REQUIRED WORK
Look below for the line that has "Piattello con piede"; output exactly from it through the line that has "-feepur WEAR- マネしやすいオシャレコーデを毎日投稿してるので是非followお願いします✴︎", and leave the pictures out.

DATASET ENTRIES

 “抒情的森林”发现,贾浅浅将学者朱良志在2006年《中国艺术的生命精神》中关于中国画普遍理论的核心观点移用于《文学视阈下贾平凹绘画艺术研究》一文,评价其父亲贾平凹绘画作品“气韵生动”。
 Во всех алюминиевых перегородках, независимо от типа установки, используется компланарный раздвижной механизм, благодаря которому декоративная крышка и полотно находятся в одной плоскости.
---
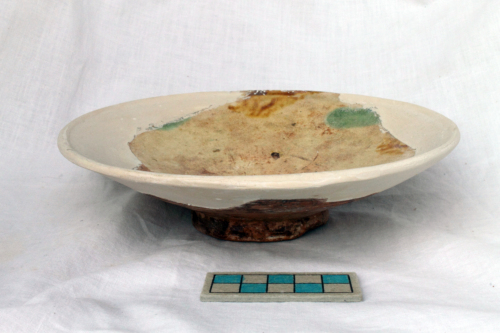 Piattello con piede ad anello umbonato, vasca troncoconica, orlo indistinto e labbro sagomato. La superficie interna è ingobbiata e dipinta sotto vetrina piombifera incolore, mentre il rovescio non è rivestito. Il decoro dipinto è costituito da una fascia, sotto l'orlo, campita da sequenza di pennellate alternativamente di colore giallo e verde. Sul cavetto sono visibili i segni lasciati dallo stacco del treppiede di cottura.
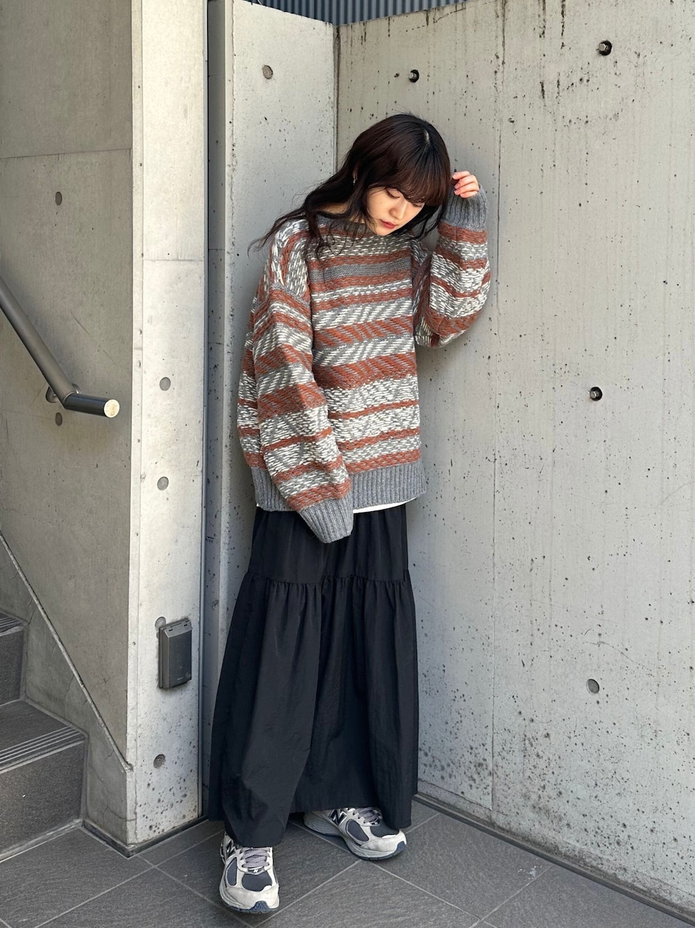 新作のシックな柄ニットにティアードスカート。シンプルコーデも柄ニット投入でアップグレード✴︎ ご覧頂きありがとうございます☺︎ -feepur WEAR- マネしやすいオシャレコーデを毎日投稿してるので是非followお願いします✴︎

ANSWER SECTION
 Piattello con piede ad anello umbonato, vasca troncoconica, orlo indistinto e labbro sagomato. La superficie interna è ingobbiata e dipinta sotto vetrina piombifera incolore, mentre il rovescio non è rivestito. Il decoro dipinto è costituito da una fascia, sotto l'orlo, campita da sequenza di pennellate alternativamente di colore giallo e verde. Sul cavetto sono visibili i segni lasciati dallo stacco del treppiede di cottura.
 新作のシックな柄ニットにティアードスカート。シンプルコーデも柄ニット投入でアップグレード✴︎ ご覧頂きありがとうございます☺︎ -feepur WEAR- マネしやすいオシャレコーデを毎日投稿してるので是非followお願いします✴︎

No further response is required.